Chaplain remembers Tiananmen Square on anniversary
Chaplain remembers Tiananmen Square on anniversary
ICC Note: Born and raised in China, Capt. Xiong will never forget standing in Tiananmen Square on June 4, 1989, watching the tanks alter his future forever.
By C. Todd Lopez
6/4/10 China (Army News Service) — It was 21 years ago, June 4, 1989, that Americans watched footage on television of a line of tanks in China’s Tiananmen Square stop just short of running over a student protester who was bold enough to stand in their path.
That day, known as the Tiananmen Square Massacre, was the last of a nearly two-month long series of protests by Chinese students and citizens, who were unhappy with the communist Chinese government’s policies. They wanted freedom.
Chaplain Yan Xiong, now a captain in the U.S. Army, and stationed at the Warrant Officer Career College at Fort Rucker, Ala., was there in the square. In fact, he was one of the students that kicked off the protests.
“I was the first man to stand out and make a speech,” Xiong said. That was April 19, 1989. “Then I was studying at Beijing University law school. We organized a self-government of students. Independent of the communists. That is the first independent student organization. So then we have a demonstration. Every day we would go to Tiananmen Square.”
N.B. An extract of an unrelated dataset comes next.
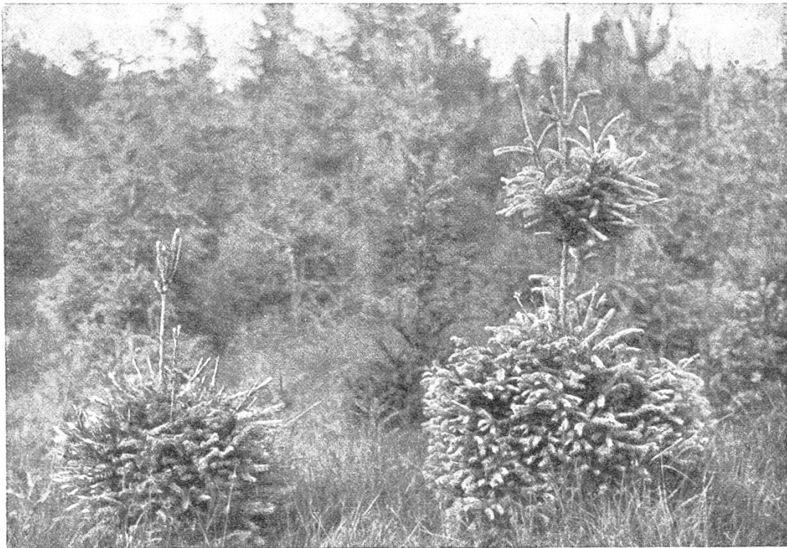
Abb. 3. Fichten im Frostloch.

Es fällt auf, daß, je ausgesprochener die Frostlage ist, die Fichte sich um so mehr auf den Kampf mit dem Frost einstellt. In Zone I richtet die Fichte in der Mehrzahl der Fälle nach Verlust der Krone nicht nur die obersten noch unversehrten Seiten- und Zwischenwirtelzweige, sondern häufig auch noch diejenigen von 1—2 früheren Jahrgängen auf und formt sie zu Gipfeltrieben um. Es ist als ob die ganze Intelligenz der Pflanze sich auf Abwehr der Angriffe des Frostes einstellte: alle Organe werden so geformt und gestellt, daß sie unter ge-

Xiong said that at the time, he was young and idealistic. He wanted to make a difference. And his youth propelled him forward — because he said he was too young yet to have fear.
“At 23, as young men, we just wanted to do something,” he said. “We had no fear. We didn’t think about the results, or what would happen. We didn’t think of that. We just needed freedom, freedom of association, freedom of expression, freedom of religion. We just had the courage to do what we wanted to do.”